What to do ->
Starting at the line that contains "greetings, greeting cards." and stopping at the line that contains "Уникальная ароматическая свеча", transcribe every line of the material below exactly; pictures stay out.

Records shown ->
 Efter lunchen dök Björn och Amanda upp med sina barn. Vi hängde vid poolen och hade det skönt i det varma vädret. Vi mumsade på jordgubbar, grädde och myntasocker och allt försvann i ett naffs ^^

==

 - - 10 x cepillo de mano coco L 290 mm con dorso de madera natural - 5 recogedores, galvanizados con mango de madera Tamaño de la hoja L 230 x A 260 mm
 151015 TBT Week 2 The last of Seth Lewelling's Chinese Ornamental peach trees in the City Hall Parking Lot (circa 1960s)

...

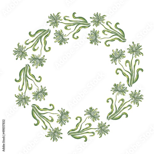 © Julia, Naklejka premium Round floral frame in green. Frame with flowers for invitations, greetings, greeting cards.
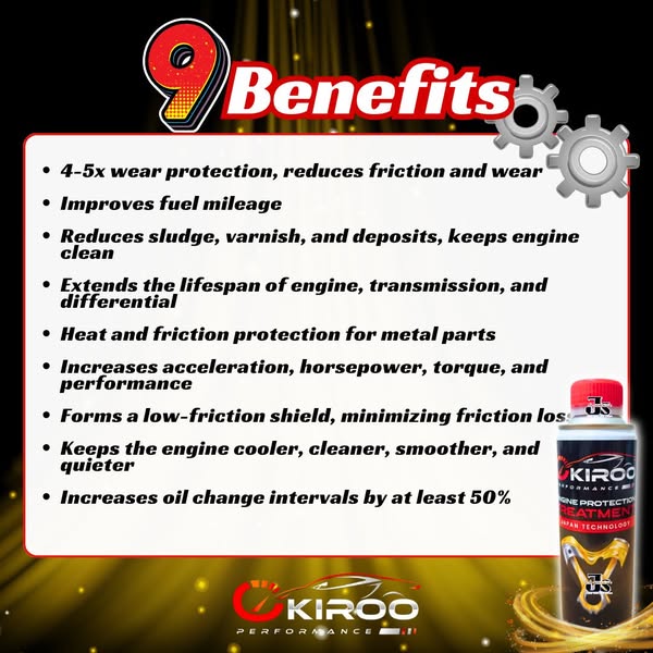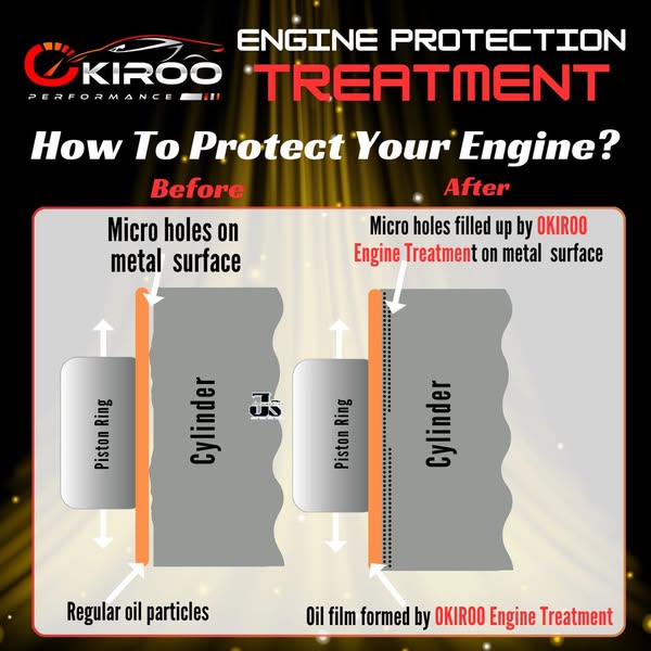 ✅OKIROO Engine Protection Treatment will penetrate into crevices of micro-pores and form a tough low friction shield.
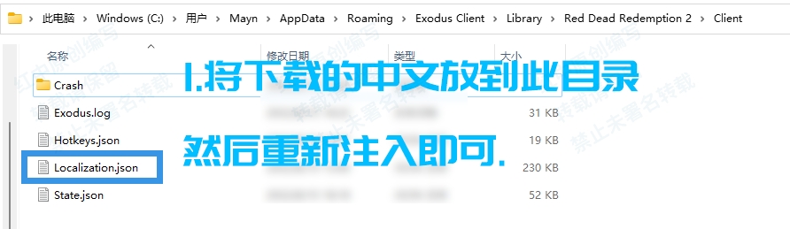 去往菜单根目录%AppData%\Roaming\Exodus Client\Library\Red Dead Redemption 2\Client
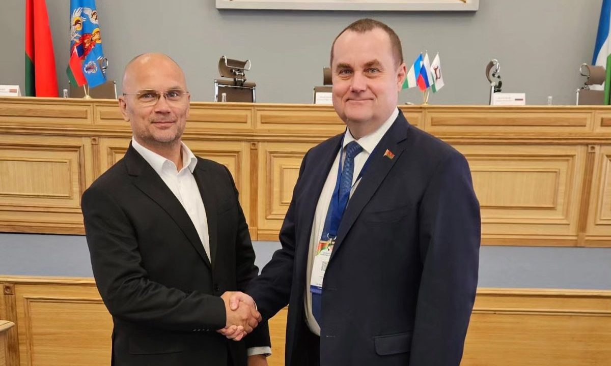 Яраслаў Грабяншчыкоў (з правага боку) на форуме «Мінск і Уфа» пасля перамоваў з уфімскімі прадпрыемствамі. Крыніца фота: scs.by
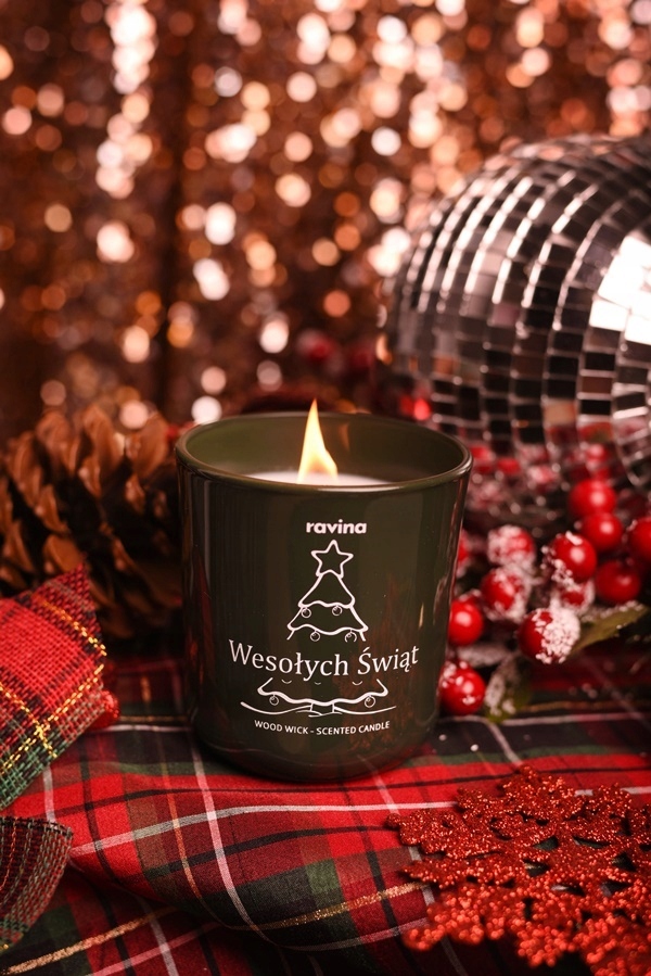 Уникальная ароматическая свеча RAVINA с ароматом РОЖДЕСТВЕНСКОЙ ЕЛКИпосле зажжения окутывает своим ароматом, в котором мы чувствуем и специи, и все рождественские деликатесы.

The completed task ->
 © Julia, Naklejka premium Round floral frame in green. Frame with flowers for invitations, greetings, greeting cards.
 ✅OKIROO Engine Protection Treatment will penetrate into crevices of micro-pores and form a tough low friction shield.
 去往菜单根目录%AppData%\Roaming\Exodus Client\Library\Red Dead Redemption 2\Client
 Яраслаў Грабяншчыкоў (з правага боку) на форуме «Мінск і Уфа» пасля перамоваў з уфімскімі прадпрыемствамі. Крыніца фота: scs.by
 Уникальная ароматическая свеча RAVINA с ароматом РОЖДЕСТВЕНСКОЙ ЕЛКИпосле зажжения окутывает своим ароматом, в котором мы чувствуем и специи, и все рождественские деликатесы.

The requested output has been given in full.